Appointing the person responsible
1A Interpretation of mandatory requirements
The law requires licensable activity to take place only under the supervision of the ‘person responsible’, as named on the centre’s licence.
An individual can be appointed as the person responsible only with the approval of the HFEA. That person must complete the Persons Responsible Entry Programme (PREP) assessment before the HFEA can consider whether or not to approve them.
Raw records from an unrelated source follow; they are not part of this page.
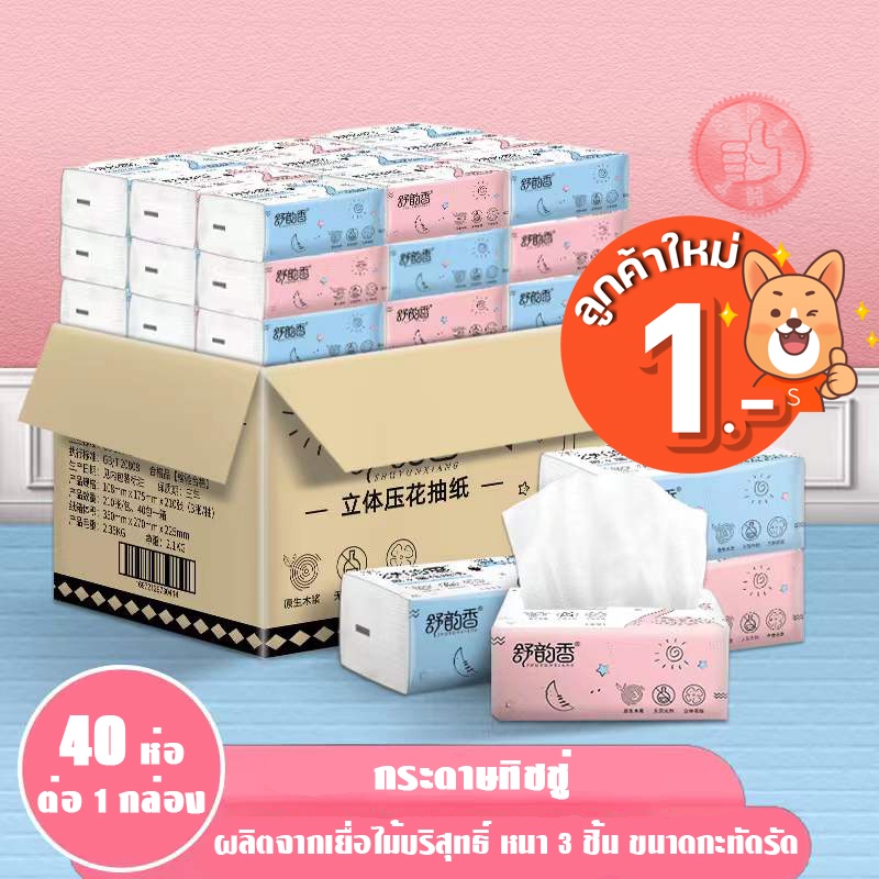 (ราคาลูกค้าใหม่) กระดาษทิชชู่ ยกลัง (1ลังมี40ห่อ) 1ห่อมี210 แผ่น ไร้ฝุ่น กระดาษเช็ดหน้าไม่เป็นขุย ไม่ยุ่ยง่ายราคาถูก D40
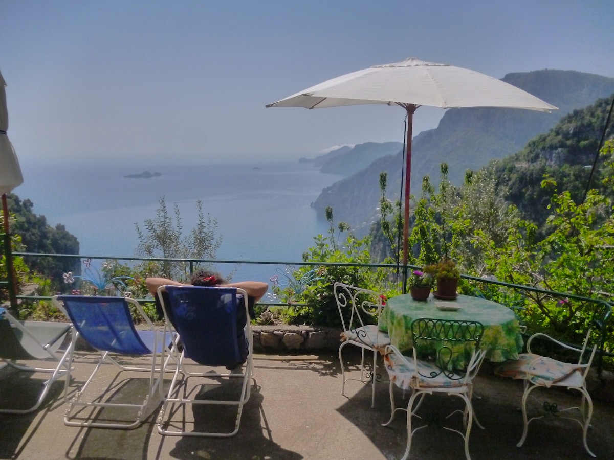 Flat sea view situated on the famous "Path of gods", ideal place for sportiv, romantic and lovers of hiking guests, at 5 km from the fascinating Positano. The appartament has all facilities: private terrace with unic scenery, kitchen, included breakfast and city tax. Is excluded trasportation of luggages but there is possibility to reserv with extra cost (5 euro per bag) a porter.
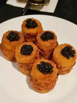 The Beef Truffle Jajangmyeon was delightful, with thinly sliced truffle on top that filled my mouth with its rich aroma. The noodles were chewy, and the beef steak on top was moist and tender. Additionally, you can request their house-made green onion kimchi, which pairs perfectly with the jajangmyeon. The Caviar Menbosha, topped with luxurious caviar, was a perfect combination of salty caviar and crispy yet moist menbosha.
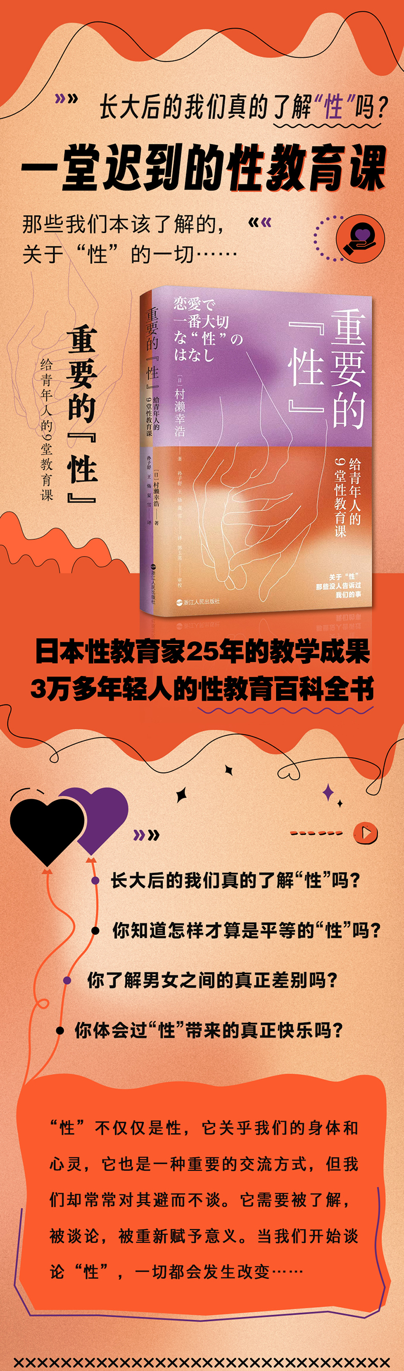 日本性教育家村濑幸浩从学校退休后,在日本多所大学教授性教育课。本书是他几年来的性教育旅程中与学生们的思想碰撞,里面既有他对性教育的思考,也有学生们学习后的真实感想。相信我们每个人都能从中获益。
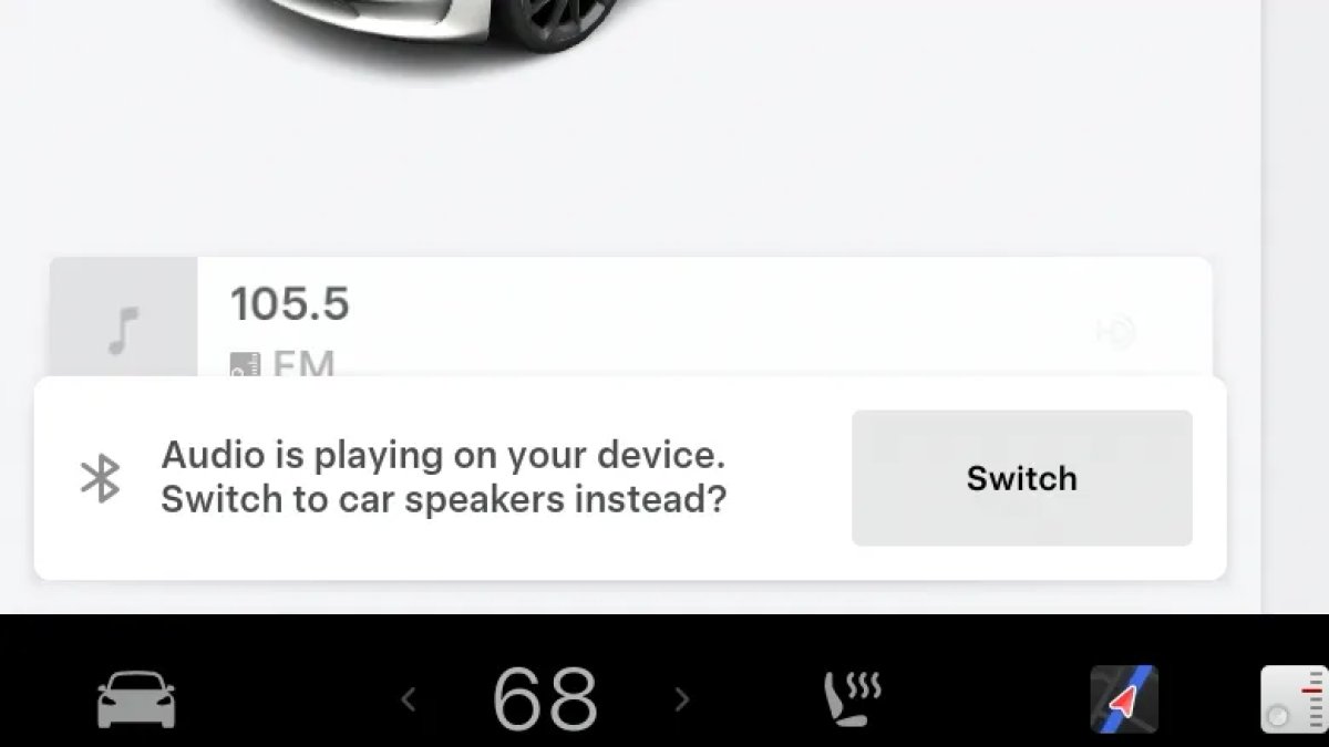お使いのスマートフォンがBluetoothで接続されており、車がスマートフォンでオーディオが再生されていることを検知した場合、Bluetoothオーディオソースに切り替えるよう促すようになりました。これにより、車のはスピーカーから音声が再生されます。
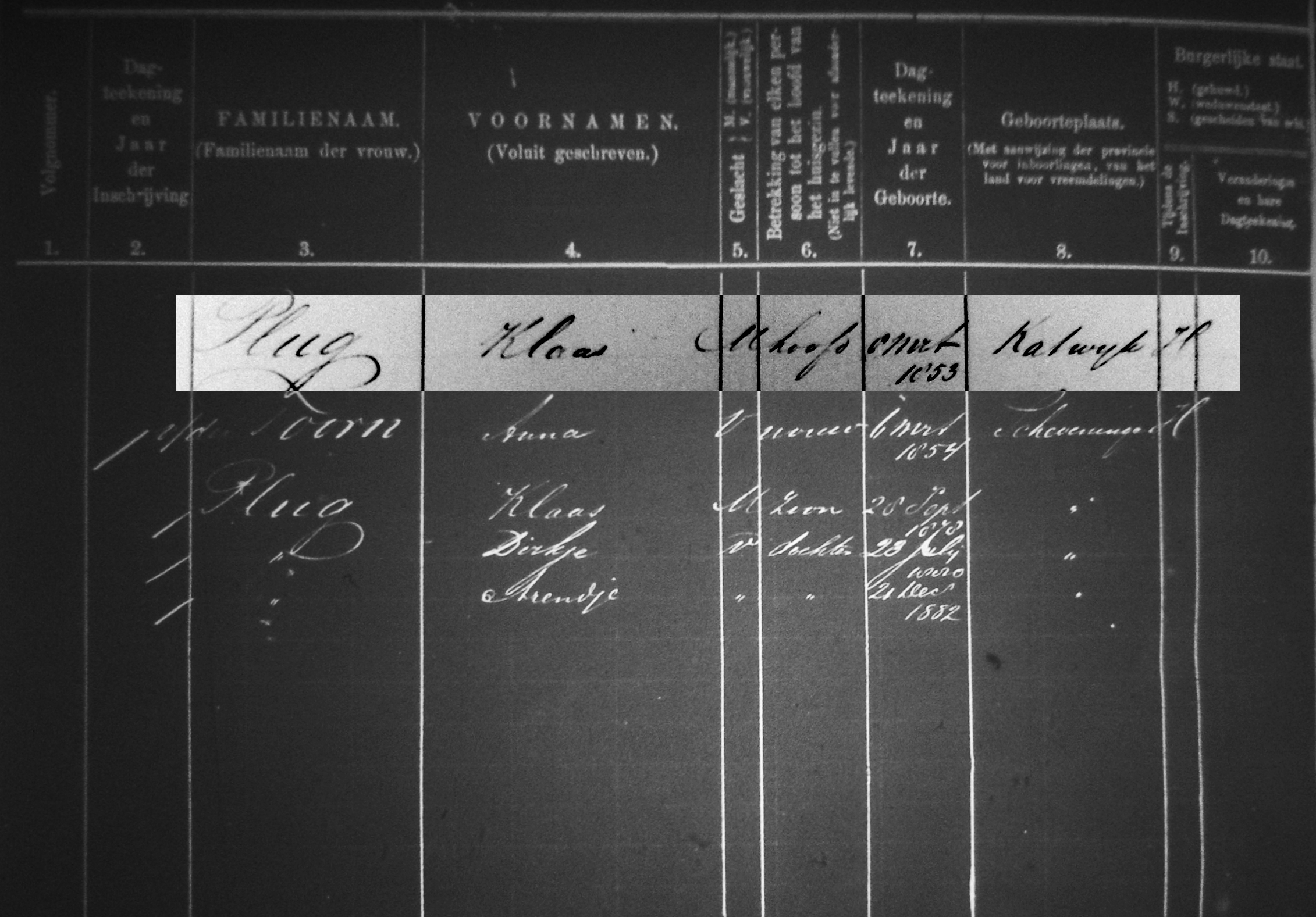 * Klaas Plug was in 1853 te Katwijk geboren en vertrok na zijn huwelijk in 1875 naar Scheveningen.
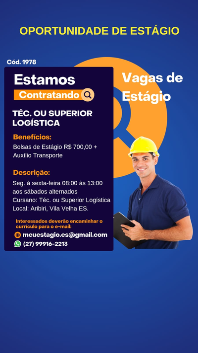 Benefícios: Bolsas de Estágio R$ 700,00 + Auxílio Transporte
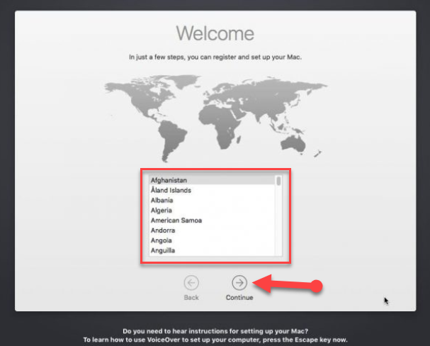 Step 1. Start your Virtual Machine. And after that you will see a welcome screen of macOS High Sierra, you will be asked to choose your country,
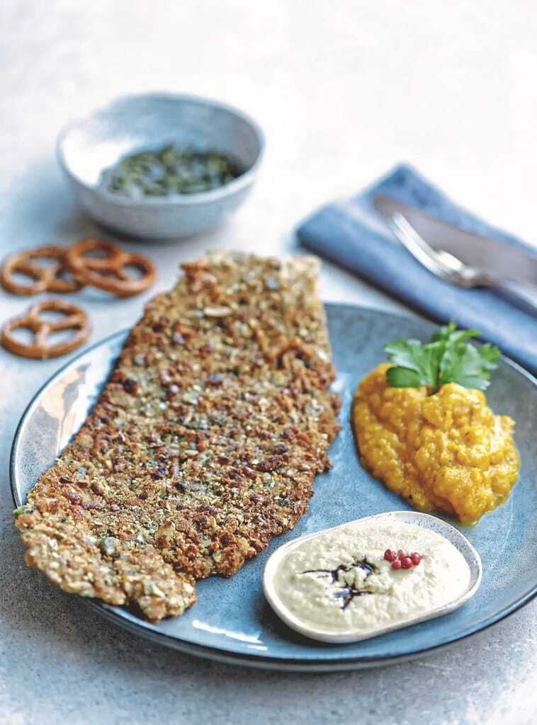 Kürbisberge am Wegrand, Kürbis im Supermarkt – es ist unübersehbar: Die Zeit für Kürbis hat begonnen. Und damit auch Zeit für ein saisonales Gericht. Das knusprige Kalbsschnitzel trifft auf dreierlei vom Herbstgemüse – darunter ein herzhafter Kürbis-Sellerie-Stampf als Beilage.

The licence holder and the person responsible
1.1 The licence holder and the person responsible should be separate individuals. Clinics operating within a hospital or other healthcare organisation may find it advantageous for a senior hospital manager to hold the post of licence holder.
1.2 It is the responsibility of the licence holder to inform the HFEA if the person responsible is unable to perform their duties. Where the centre no longer has a person responsible, the licence holder should seek the advice of the HFEA as soon as possible on continuing to provide licensable activities. Either the person responsible or the licence holder may apply for a licence or for its variation or revocation. However, only the licence holder may apply to a licence committee to vary a licence in order to designate another individual to be the person responsible.
Qualifications for the role of the person responsible
1.3 The person responsible should have enough understanding of the scientific, medical, legal, social, ethical and other aspects of the centre’s work to be able to supervise its activities properly. It is also important that the person responsible possesses integrity, and managerial authority and capability.
1.4 The HFEA expects the person responsible to take any necessary specialist advice to allow them to run the centre professionally.
Responsibilities of the person responsible
1B Interpretation of mandatory requirements
The person responsible is ultimately responsible for ensuring that all licensed activities are conducted with proper regard for the regulatory framework that governs treatment and research involving gametes or embryos.
1.5 The role of the person responsible should include:
a maintaining an up-to-date awareness and understanding of legal obligations
b responding promptly to requests for information and documents from the HFEA
c co-operating fully with inspections and investigations by the HFEA or other agencies responsible for law enforcement, regulation or healthcare, and
d informing the HFEA of any change to their professional registration.